The humidity in Salies today is about 999%. It seems like one is breathing warm soup and there is no way to stop perspiring. Everything feels sticky, my face, arms, chest and down to the tip of my toes. Dry is an unknown state.       Even this morning when the air was much cooler, it felt heavy and uncomfortable and made one break out in sweat at the slightest movement. At three o’clock this morning the town was hit by a thunder and lightning storm loud and bright enough to awaken hibernating bears. Salomé shuddered with each clap of light and even I was nervous upon closing the window, wondering if my body and the metal frame were enough to attract a zapping by Zeus’s flash gun.

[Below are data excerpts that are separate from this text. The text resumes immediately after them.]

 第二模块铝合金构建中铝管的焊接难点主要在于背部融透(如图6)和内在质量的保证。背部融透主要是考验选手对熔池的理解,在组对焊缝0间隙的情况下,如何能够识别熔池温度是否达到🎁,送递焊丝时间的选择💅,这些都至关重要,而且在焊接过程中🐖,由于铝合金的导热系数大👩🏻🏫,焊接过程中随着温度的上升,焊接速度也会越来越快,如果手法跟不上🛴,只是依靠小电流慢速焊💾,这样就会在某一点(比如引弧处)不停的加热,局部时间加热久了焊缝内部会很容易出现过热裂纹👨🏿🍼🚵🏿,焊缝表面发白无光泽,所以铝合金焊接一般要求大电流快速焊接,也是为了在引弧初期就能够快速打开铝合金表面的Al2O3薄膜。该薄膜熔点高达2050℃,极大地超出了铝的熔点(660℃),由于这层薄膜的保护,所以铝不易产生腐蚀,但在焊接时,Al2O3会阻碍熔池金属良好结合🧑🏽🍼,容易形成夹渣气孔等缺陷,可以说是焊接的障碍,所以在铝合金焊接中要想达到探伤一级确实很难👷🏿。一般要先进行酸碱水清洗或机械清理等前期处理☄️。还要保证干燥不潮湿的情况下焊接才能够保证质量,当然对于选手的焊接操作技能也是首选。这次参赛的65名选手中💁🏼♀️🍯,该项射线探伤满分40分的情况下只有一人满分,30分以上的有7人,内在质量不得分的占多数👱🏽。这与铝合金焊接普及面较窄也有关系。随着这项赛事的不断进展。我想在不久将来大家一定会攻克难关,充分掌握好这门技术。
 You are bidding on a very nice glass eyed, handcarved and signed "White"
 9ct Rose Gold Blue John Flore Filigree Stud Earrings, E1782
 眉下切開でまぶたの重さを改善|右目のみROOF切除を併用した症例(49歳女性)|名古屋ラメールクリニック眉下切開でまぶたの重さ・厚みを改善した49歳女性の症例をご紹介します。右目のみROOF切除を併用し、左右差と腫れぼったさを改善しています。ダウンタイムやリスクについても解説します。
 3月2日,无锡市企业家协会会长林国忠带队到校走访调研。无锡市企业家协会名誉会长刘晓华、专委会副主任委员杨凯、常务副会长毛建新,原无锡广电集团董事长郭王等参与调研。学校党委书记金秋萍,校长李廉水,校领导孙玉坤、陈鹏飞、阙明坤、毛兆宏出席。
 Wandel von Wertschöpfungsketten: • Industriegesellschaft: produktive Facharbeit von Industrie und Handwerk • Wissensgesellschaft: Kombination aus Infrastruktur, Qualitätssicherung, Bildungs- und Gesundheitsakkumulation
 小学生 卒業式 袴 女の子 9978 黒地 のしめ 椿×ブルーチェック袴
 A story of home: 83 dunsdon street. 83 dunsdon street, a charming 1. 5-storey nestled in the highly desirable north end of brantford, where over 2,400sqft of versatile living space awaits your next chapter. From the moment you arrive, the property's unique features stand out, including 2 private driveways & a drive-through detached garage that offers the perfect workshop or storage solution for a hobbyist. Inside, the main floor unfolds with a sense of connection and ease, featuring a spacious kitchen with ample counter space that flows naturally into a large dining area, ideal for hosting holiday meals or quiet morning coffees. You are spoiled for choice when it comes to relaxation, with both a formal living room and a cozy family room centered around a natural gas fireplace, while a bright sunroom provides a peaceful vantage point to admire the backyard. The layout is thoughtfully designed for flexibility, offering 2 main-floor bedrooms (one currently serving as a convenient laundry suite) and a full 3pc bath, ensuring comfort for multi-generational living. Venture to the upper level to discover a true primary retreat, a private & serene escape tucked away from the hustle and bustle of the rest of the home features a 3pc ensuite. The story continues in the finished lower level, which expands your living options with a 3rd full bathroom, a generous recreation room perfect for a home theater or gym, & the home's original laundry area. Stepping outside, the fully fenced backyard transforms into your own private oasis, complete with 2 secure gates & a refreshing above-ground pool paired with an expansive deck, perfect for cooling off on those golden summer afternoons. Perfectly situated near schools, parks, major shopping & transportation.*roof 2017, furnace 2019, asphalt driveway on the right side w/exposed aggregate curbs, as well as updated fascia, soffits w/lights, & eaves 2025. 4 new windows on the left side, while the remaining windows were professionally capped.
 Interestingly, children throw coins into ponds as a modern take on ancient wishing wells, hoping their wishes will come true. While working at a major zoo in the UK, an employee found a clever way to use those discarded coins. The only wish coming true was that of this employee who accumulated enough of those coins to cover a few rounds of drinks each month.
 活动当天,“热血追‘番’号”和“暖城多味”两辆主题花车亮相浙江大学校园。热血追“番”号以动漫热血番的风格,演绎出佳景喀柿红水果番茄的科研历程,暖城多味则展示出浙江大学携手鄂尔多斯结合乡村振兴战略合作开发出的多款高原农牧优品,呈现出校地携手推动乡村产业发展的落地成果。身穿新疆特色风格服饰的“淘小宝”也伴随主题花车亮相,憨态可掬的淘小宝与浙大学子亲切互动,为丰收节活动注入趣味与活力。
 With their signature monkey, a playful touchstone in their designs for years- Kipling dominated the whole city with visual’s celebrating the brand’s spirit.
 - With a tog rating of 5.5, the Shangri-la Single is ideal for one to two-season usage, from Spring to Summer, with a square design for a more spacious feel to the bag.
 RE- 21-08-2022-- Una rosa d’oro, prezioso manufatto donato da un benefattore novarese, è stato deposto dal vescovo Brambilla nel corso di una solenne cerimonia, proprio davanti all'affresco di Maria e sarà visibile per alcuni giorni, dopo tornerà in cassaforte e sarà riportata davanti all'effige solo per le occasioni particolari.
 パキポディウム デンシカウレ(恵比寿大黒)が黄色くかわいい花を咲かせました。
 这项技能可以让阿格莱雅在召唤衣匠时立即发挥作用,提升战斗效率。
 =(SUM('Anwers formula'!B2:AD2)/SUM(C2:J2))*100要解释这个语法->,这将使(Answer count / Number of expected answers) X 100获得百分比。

The summer has been so humid and wet that the corn is two weeks behind in ripening and most of the tomatoes rotted green on the vine. The weather for this week was announced alongside a cartoon portraying a young girl swimming in green waters and a replica of Jaws circling round underneath her. At this moment, it is only 5:30 in the afternoon, but there is less light than at 9:30 immediately after sunset, and gusts of wind, some raging at a good 60 kms/hr, promise first another downpour, then more sun, then another rainfall, sun again.  I had promised myself to iron clothes and study French this afternoon, but both Salomé and I are limp as dishrags.

So instead I sit here writing this and eating popcorn while she sleeps, too beat to move after nothing but a very short walk.

Is this the way the world ends, not with a bang but in a fierce gust of wind (to paraphrase T.S. Elliot) or a financial downslide? It certainly is a thought I have had all week as the stock markets trembled and plunged and the most powerful country in the world showed its clay feet and hid its face as its credit rating went from AAA to just AA.  Internet is certainly jam-packed with predictions: the world is coming to an end, the world the way we know it, on the 21st of December 2012. Is that possibly true? But of course it is! The world as we know it is coming to an end but not in 510 days as predicted, but rather every second of every minute of every hour of every day. As a matter of fact, the world as we know it can’t be known: we can’t know it because the moment we believe we do, it has already changed: what we believe we contemplated only a nano second ago, is no longer there, it has vanished, changed, never again to be the same as it never was the same before. Every leaf, every inch of highway, every lamppost, each ear of corn or clump of grapes, the fingers that hit the keyboard, the keyboard itself… gone, changing, flowing, never the same: what we see no longer is, it is gone before it is registered on the ever changing, shifting neurons in our brains.

The world as I knew it when I was one or three or fifteen or thirty two has come to an end. It would be better even to say: “The world as we can never know it is always ending; there is no perceivable difference between beginning and end.” There is no difference between the memory of my childhood or adolescence and the movie I just watched on the DVD, they are both unreal, stories told in images in an attempt to capture what is impossible to grasp.

No one can actually understand what is really happening as we attempt to catch glimpses of it as it appears, or appears to appear. We try. There are predictions and interpretations; there are visionaries who promise to lead the way, mediums who swear they are channeling voices from higher spirits that would map the course for us; every day there are more “awakened” beings offering their methods and paths of change on the internet, gathering their followers in meditation, in inquiry, in silence, in prayer, in hope. But even as they speak and we listen or we speak and they listen, what they are predicting or explaining already is and has gone. And yet, even as I write this and know it to be true, as I live this movie I call my life, I too believe the story of the change and think I can see it coming.

And then again, even “the world as we know it” has been proven inexistent. What appears to be, what seems to be changing, what even under close scrutiny looks terribly solid is not: it is, science tells us, quantum soup, nothing more than an ephemeral wave gelled into a particle by the mind’s attention. The mind? Of what mind are we speaking? Certainly not this simple one that I use so clumsily, or rather that so clumsily uses me most of the time. It would have to be The Mind in which this soup floats and is gently or violently molded into apparent being, this soup which includes me, my body, my being and the mind I consciously perceive.

So, I tell myself, there is no reason to be worried or frightened because the world as I think I know it, that world that apparently existed when I began writing this short piece, has already changed so absolutely and totally that if I were able to perceive it in this moment I might not recognize the smallest cell or atom of it. In other words, the world as I know it has never really existed so what in heaven’s name could be terrifying about it changing?

But then, that is what life is about, no? Telling ourselves the story, the story of the world as it changes, the story of the wind that blew for over two hours this afternoon and ended up finally taking the humidity away and refreshing the evening so we all may sleep a little better… or not.